A Busy Week For Old Machines
Welcome back to a new Retro Recap for May 3, 2026. This regular weekend roundup gathers the classic gaming stories, hardware notes, interviews, and smaller curios from the past week into one friendly stop. The mood this time is very Z-retro: a little nostalgic, a little practical, and full of machines that still have plenty to say.
One thread running through the week was a question many retro fans keep coming back to: how do old systems stay useful, readable, and fun in a modern setup? The answer is rarely one thing. Sometimes it is a new version of a classic computer. Sometimes it is a small scaler, a handheld remake, or a fresh interview that fills in a piece of gaming history.
Commodore 64C Ultimate Looks Ahead By Looking Back
The slimline Commodore 64C Ultimate was one of the hardware highlights. Instead of leaning on the older 1982 “breadbin” shape, it uses the cleaner Commodore 64C look associated with the 1986 to 1994 period. The company frames that later case style as an important part of the personal computer shape that followed in later years.
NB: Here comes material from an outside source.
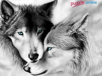 Puzzle Niebieskie, Dwa, Wilki, Oczy

That design choice matters because the Commodore 64 has more than one visual memory attached to it. For some players, the chunkier early model is the icon. For others, the flatter C64C is the machine that feels more at home beside later home computers. The Ultimate version clearly speaks to that second memory while keeping the C64 name at the center.
Morph 2K Offers A Different Upscaling Route
The Morph 2K also stood out as a possible option for players who want a cleaner HDMI route without chasing the top end of the market. Unlike the expensive but highly regarded RetroTINK 4K, the Morph 2K reaches up to 1080p at 60Hz over HDMI rather than 4K.
That limit is not necessarily a problem. If a player is not worried about sending a 4K signal to a display, 1080p at 60Hz may be enough for a tidy retro setup. The point is choice: not every classic gaming corner needs the same scaler, and not every setup has to be built around the most premium box available.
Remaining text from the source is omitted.